Librarian Making Her
Contribution to Women's Studies
Nancy Lewis has been a Social Sciences and Humanities Reference Librarian at Fogler since 1989, but she was no stranger to the University of Maine before that. Lewis earned her undergraduate degree from UMaine and today she works in conjunction with several of the professors that she learned from in her twenties. However, when Lewis graduated in 1983 there was no such thing as "Women's Studies," and there was certainly no "Department of Women's Studies". Now Lewis is an adjunct faculty member for UMaine's Women's Studies Department and devotes a part of her job at Fogler Library to maintaining Fogler's Bibliography of Women's Studies materials.
"Women's Studies is an interdisciplinary subject," Lewis says. That is why the Women's Studies Bibliography is divided into 14 subjects ranging from feminist theory to economic development to anthropology. The criteria for works that are included in the Bibliography is that they must be somehow pertinent to the field of Women's Studies. Some of the works are authored by members of significant feminist circles, while others cover women's history or represent a women's perspective on a subject. The topic is far-reaching, and Lewis says she can see up to 50 books a month for consideration into the Bibliography.
"I've heard from people at Colby and Bates who say they use the Bibliography, and the Women's Studies Department also e-mails it to their own list of students and faculty. It's hard to keep up to date on publications, so this is a resource and I'm glad to help." Lewis said. Ann
Schonberger, Director of the Women's Studies Program and Women in the Curriculum here at the University of Maine also uses the Bibliography, "Busy as I am, I always take time to read the list Nancy sends out every month. I then often note books I want to tell other faculty or students about." Schonberger said.
The field of Women's Studies was first introduced to Lewis in the early 1980's when she worked in Washington D.C. as a legislative assistant with Congress.
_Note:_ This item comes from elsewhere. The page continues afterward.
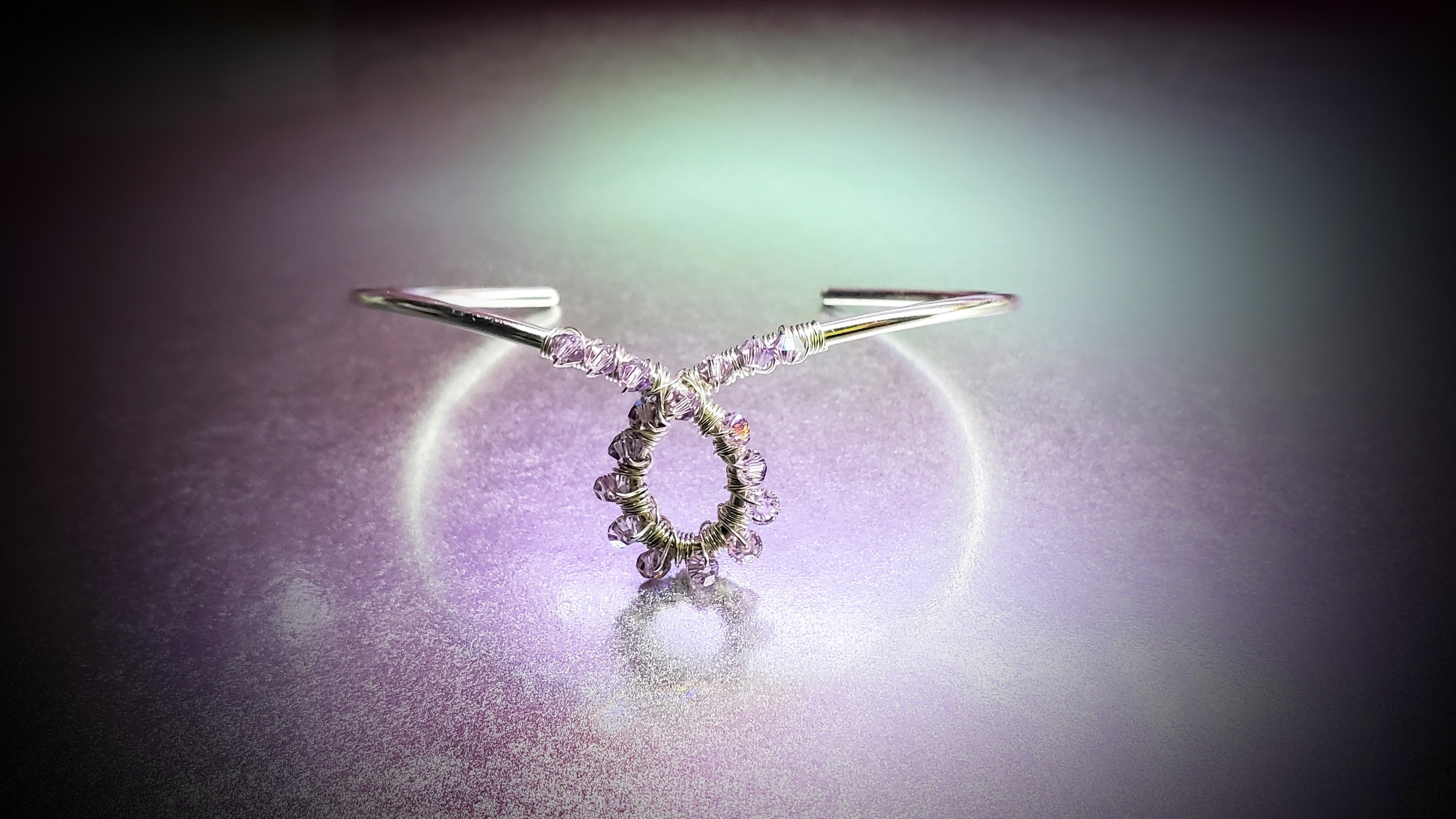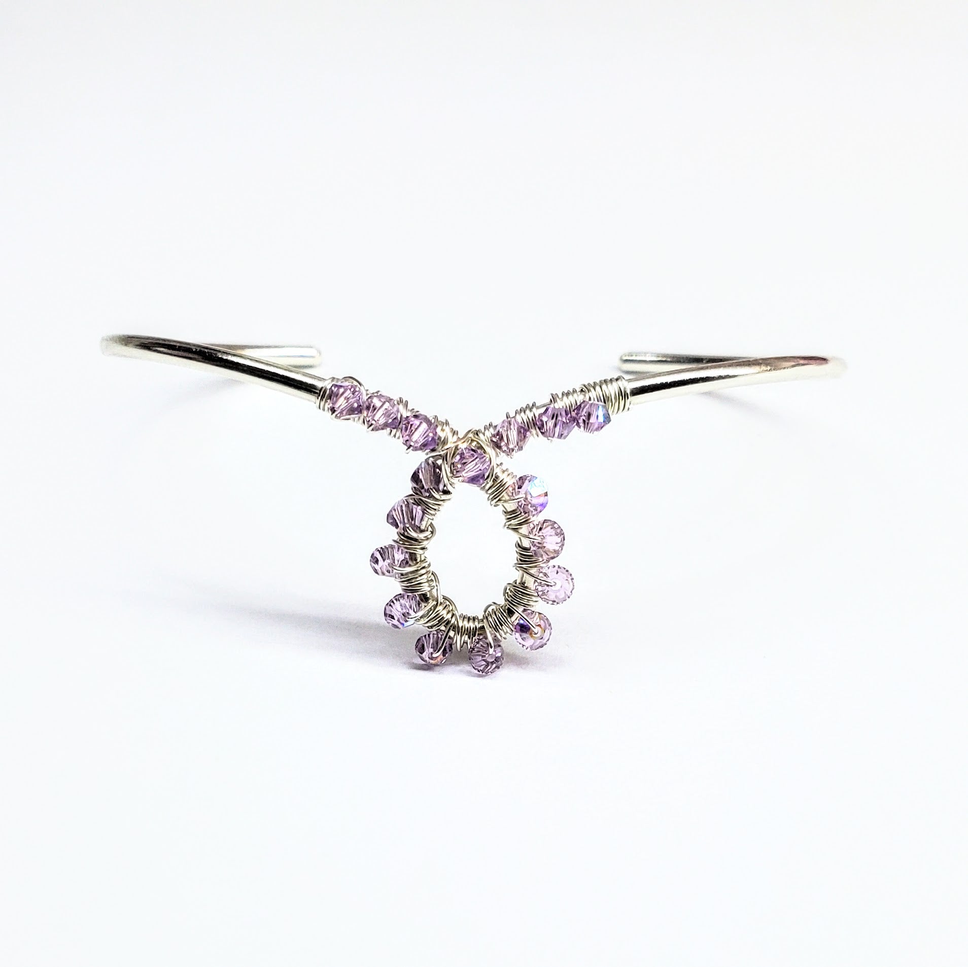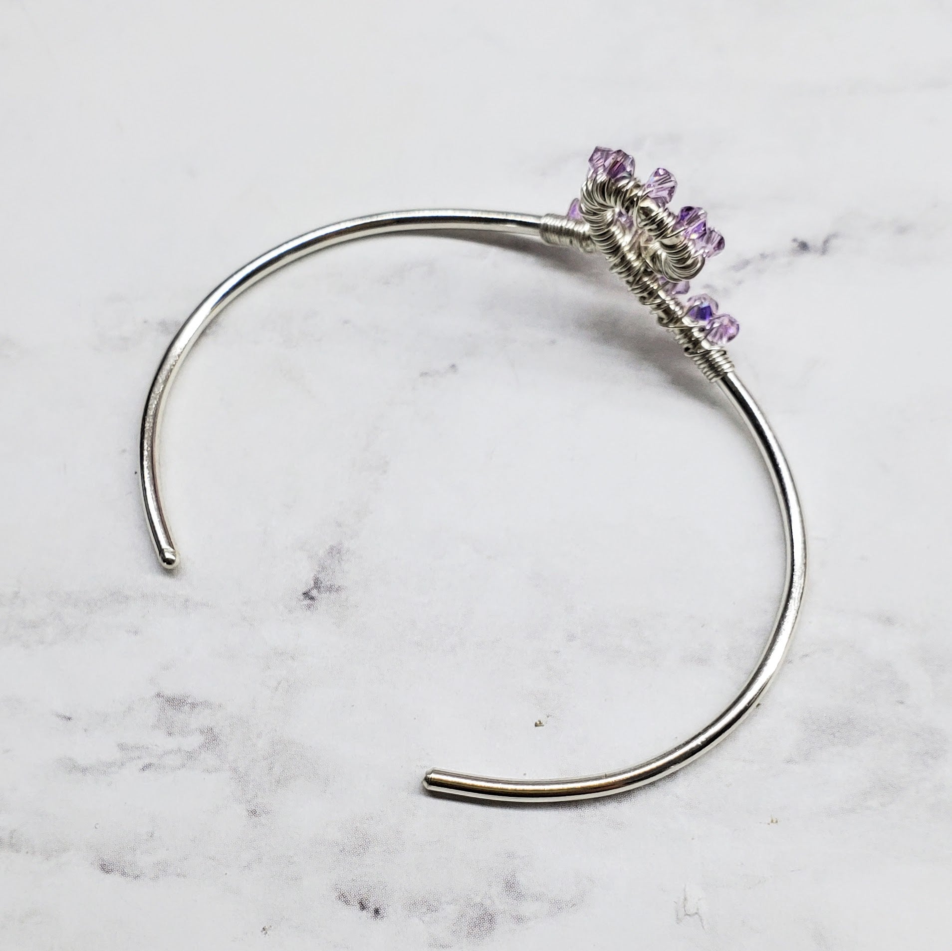First, I carefully select a piece of 12-gauge silver wire and transform it by hand into a stunning ribbon-shaped bangle cuff. Next, I beautifully wire-wrap glimmering lavender Swarovski crystals onto the loop of the bangle using 2 yards of luxurious sterling silver wire, accentuating the elegant curve of the ribbon. This exclusive cuff symbolizes hope and support uniquely. Wear it proudly while championing a cause that resonates with your heart and the hearts of your loved ones. It's designed to sit snugly and comfortably on your wrist!

She dealt primarily with women's issues and brought her interest to UMaine when she returned. Today Lewis teaches Women's Studies 101 through the Women's Studies Department. She also teaches library instruction sessions for many disciplines, and rotates the teaching of LBR 200 (Information Literacy) with two other librarians. This spring, LBR 200 has seen the highest enrollment in its history, because it has recently been adopted by the Ecology and Environmental Sciences Program as a class that satisfies their "quantitative skills" requirement. In this class, Lewis teaches students how to develop in-depth knowledge of library services and resources, as well as skills for implementing their own research strategies.
Although Lewis said she enjoys teaching all classes, her main interest is the field of Women's Studies. She said that it would be nice to see the Department of Women's Studies keep growing and become even more respected. As of now, almost all the faculty in the department are like her and straddle multiple worlds. She admits that the overlap can be difficult to balance, but also says it affords her great opportunities. "I love to teach, it's one of my favorite things to do." Lewis said of her classes.
Lewis seems to be balancing just fine. In addition to teaching and maintaining the Bibliography, she also serves on the Maryanne Hartman Awards Committee, she puts together the Web resources page on music for the Women's Studies section of the Association of College and Research Libraries, and she compiles the page of U.S. government web sites on women for the Government Printing Office's Browse Topics web site.
Ann Schonberger has great appreciation for Lewis' work on the Women's Studies Bibliography and had the following to say; "Because of her (Lewis') knowledge and resourcefulness, we have a noteworthy collection of materials on women's issues here at UMaine. The collection strengthens the work of not only the faculty and students in Women's Studies courses, but all those working in departmental courses and on research areas where women's contributions and perspectives are important."